I'm Kareem Wallach. I have a consulting company called Project
Elevate. I do developer relations, community stuff.
It's basically all things that work with developer
tools and the community. Fun people like you
and. Yeah, I'm just going to talk about a portion of some of our presentation
with Tim. So just to take it off, I'm just going to give some background
about what is stream processing, because I don't know what people's
experiences are, if they're aware of stream processing or streaming
technologies in general. So I'm just going to give a quick overview.
So stream processing is basically
a approach dealing with data where you're.
Well, there's two parts to it. The first is a streaming ingestion part.

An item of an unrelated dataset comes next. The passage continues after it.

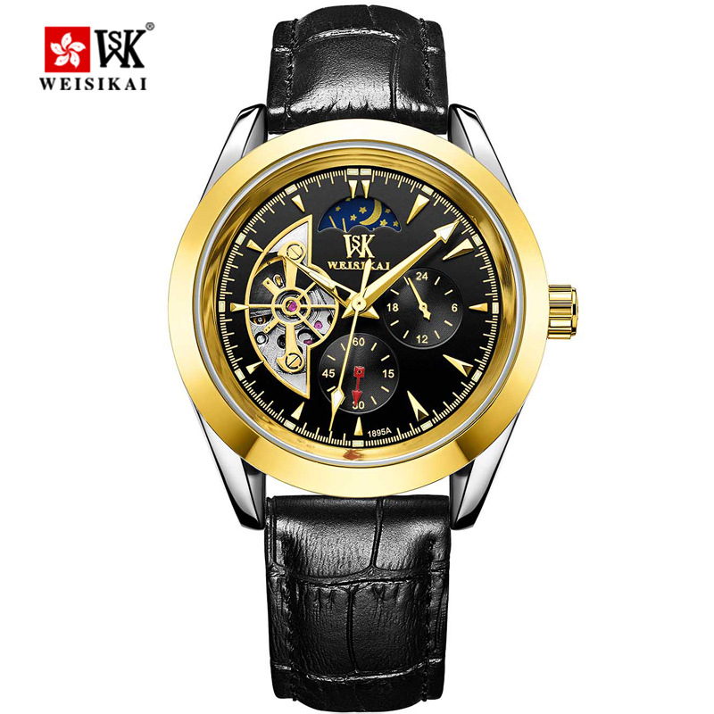 Швейцария подлинных товаров [Weikai] Мужской Бизнес механические часы водонепроницаемый звезда турбийон автоматические механические

So streaming technologies, things like Kafka or red panda,
where you are ingesting data as it's happening,
instead of like batch or like more
like batch kind of processing. Batch ingestion,
this is more of like a continuous flow. So as the events happen, you are
constantly ingesting the data. And then the processing side is you're doing something
with that data as you're ingesting it. So it's kind of as real time
as you can get. So this process
of stream processing, there's a lot of processes of stream processing
and processing. The data process of stream processing.
So the process of bringing
the data in as it's happening and then streaming kind of allows
you to be able to do real time analysis on the data
as you're bringing it in, and then transformations and computation
before you're actually storing the data. So if you're almost
thinking about it kind of in a philosophical way, the data
is, as it's being ingested, you're able to make those transformations
while it's in flight and then storing it
or putting it into another stream processing system or something like that.
But then there's a downstream side,
too. So basically,
stream processing is used to extract valuable insights in real
time, things like detecting anomalies and trigger
actions based on incoming data.
I do go over some brief use cases here. There is a
lot you can do with stream processing and real time
kind of analytics and capabilities, including enabling your
users to do more by providing them actionable
insights, which is basically real time insights that then they can take action on.
If you think about LinkedIn,
for example, some of the real time stuff that they have implemented
into their systems is if someone views your profile,
a user of LinkedIn can then go in and take action.
They can message that person, they can view their profile,
whatever. They can take action based on that insight that they now
have. There's a lot of cases like this where people are exposing
real time insights and real
time analytics. The insights are a little bit different. It's more of like a decision
making capability. But a lot of organizations are doing this now too. So that's something
to keep in mind. So there's different kinds of queries
you can do inside stream processing. So we kind of talked about the streaming technologies
first, where you're ingesting the data and you're able to do these transformations
on it as it's in flight. Then you have the type of queries
that you're able to do inside of stream processing as
the data is in flight. So just to give a couple of examples, I'm going
to give some examples of each. These are all listed here, so you can read
along if you'd like. So the first one is filtering.
This involves a selection of specific
data from a stream based on predefined conditions.
So an example of that is like filtering out log entries
that contain errors that are needed for immediate attention.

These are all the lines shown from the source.